BIL wrote:It actually felt a bit weird going back to the arcade games after reading the manga, given Hiryu is such a chilly and solitary character in those. Then again the manga's more connected to the NES game, where he's nearly as mute but does get to show some humanity via the odd cutscene blurb ("Kill Kain...?").
Yeah, I recall hearing somewhere that the NES game is basically an adaptation of the manga storyline (I could definitely see some parallels, although they don't completely match up). Odd how the NES version was never released in Japan, or so I've heard.
Just placed an order for a Tenchi Muyo DVD set (Tenchi Universe specifically, since I started watching that long ago and never finished, and also it was cheaper than the OVA set).
Kinda wondering if I should thin out my anime collection. It seems to have an overabundance of shonen fighting shows, and not everything I have is particularly good.

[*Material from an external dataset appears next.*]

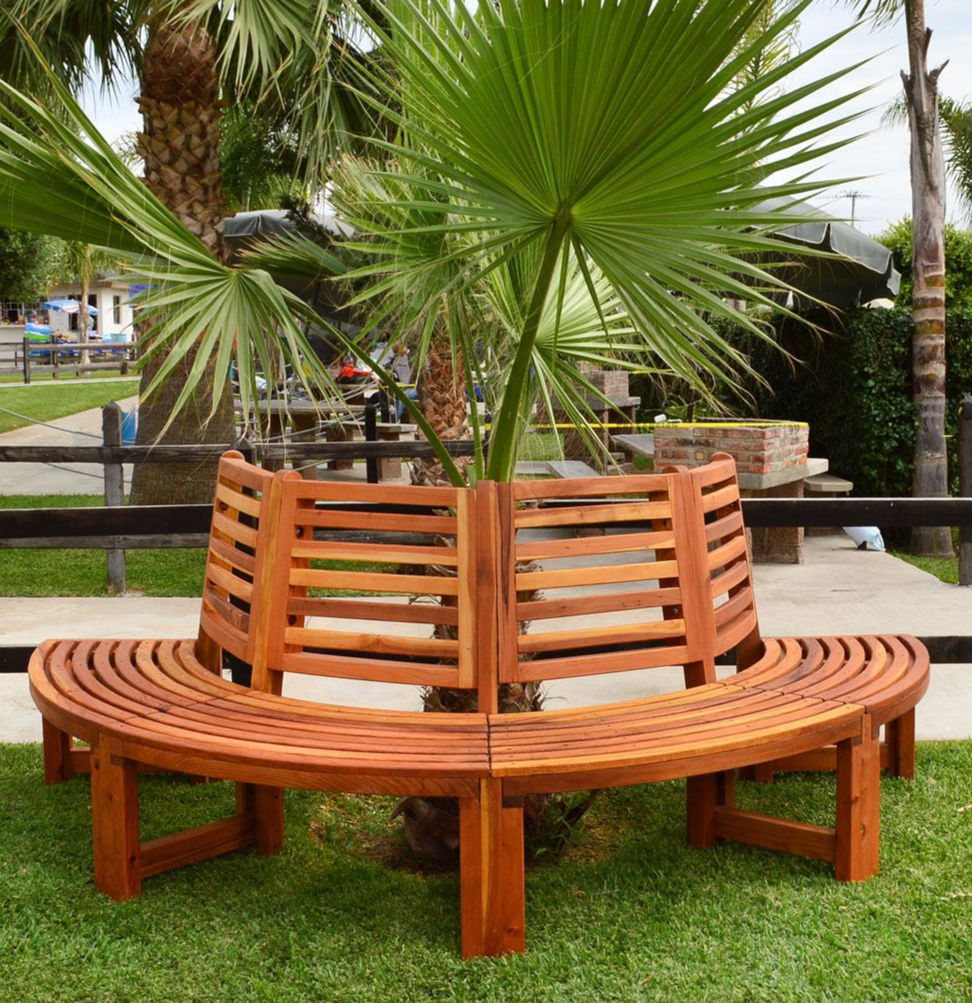 Round Wooden with Backrest-Solid Wood Outdoor Garden Seating

Some examples:
Detonator Orgun - a Tekkaman Blade ripoff, although easily better than the show its ripping off since it lacks the ridiculous, Marvel Comics-degrees of pointless angst.
Voltage Fighter Gowcaizer (the OVA version) - Basically, it feels like its "Fatal Fury: The Motion Picture 2", except all the characters had name changes, its in the distant future, and they all have magic stones which give them powered armor or something. It's really nowhere near as good as any of the Fatal Fury anime, and definitely sucks compared to
King of Fighters: Another Day
Long Ramble Mode, ACTIVATE! I think I figured out why fighting game anime generally aren't that good. It's because the people doing the anime don't understand the games, except on a very basic level. They see fighters, they get a general grasp of the storyline, and then they figure they can do whatever they want because after all, all fans wanna see is their favorite characters doing their awesome special moves, right?

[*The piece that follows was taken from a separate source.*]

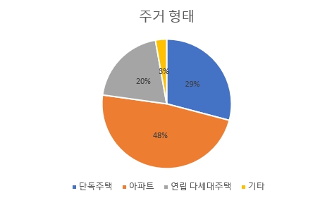 2022년 9월 6일 갱신한 통계청 자료 2020년의 가구의 주택 유형을 살펴보면 단독주택 29.1%, 아파트 48.1%, 연립 다세대주택 20.0%, 기타 2.8%로 발표했습니다. 아파트 주거 비중이 과반수입니다. 2명 중 한 명은 아파트에 거주한다는 의미입니다.
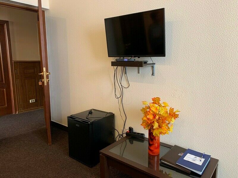 Двуспальная кровать, 1-спальная кровать, шкаф, стол, кресла, холодильник, душ, туалет, TV, Wi-Fi, телефон, фен.

Sometimes they don't even get that right--Fatal Fury is good, but it pointlessly turns Geese Howard's Reppu-Ken into a generic Ki bullet, which it isn't in the game, and its not really the fact that he can do Reppu-Kens that makes him admirable (I was personally far more fascinated by his ability to grab you in mid-attack and slam you into the ground), so he becomes just a generic villain. Likewise, Terry's Power Geyser shouldn't be a honking huge explosion, it should be exactly what it is in the game: a geyser, that erupts from the place he pounds, and is good primarily for catching jump-ins or punishing whiffed attacks at close range.
Which leads me to another thing. When a fight comes down to just the characters showing off their special moves, it stops being interesting and becomes honestly kinda boring. Fighting Games are fun precisely because
you can't win them by just spamming specials, you have to think. And that's what we should see characters doing in a fighting anime: thinking on their feet, using hadokens to trick an opponent into jumping so they can catch them with a Strong Kick or a Shoryuken, but its also what we almost never see because of a lack of creativity and general laziness. (Ironically, despite its anime counterpart being cast as the poster child for this, the original 42 manga volumes of Dragonball rarely feature the "spamming special moves" fight choreography and are, indeed, an example of the right way to do fights).
Honestly, I think the one fighting game anime I've seen that did everything 100% completely right was
King of Fighters: Another Day, which sadly isn't available on DVD (not by itself, anyway).
Ramble Mode OVER - Normal Mode Resume
What was I talking about? culling some of the weaker anime DVDs I have? Hmm.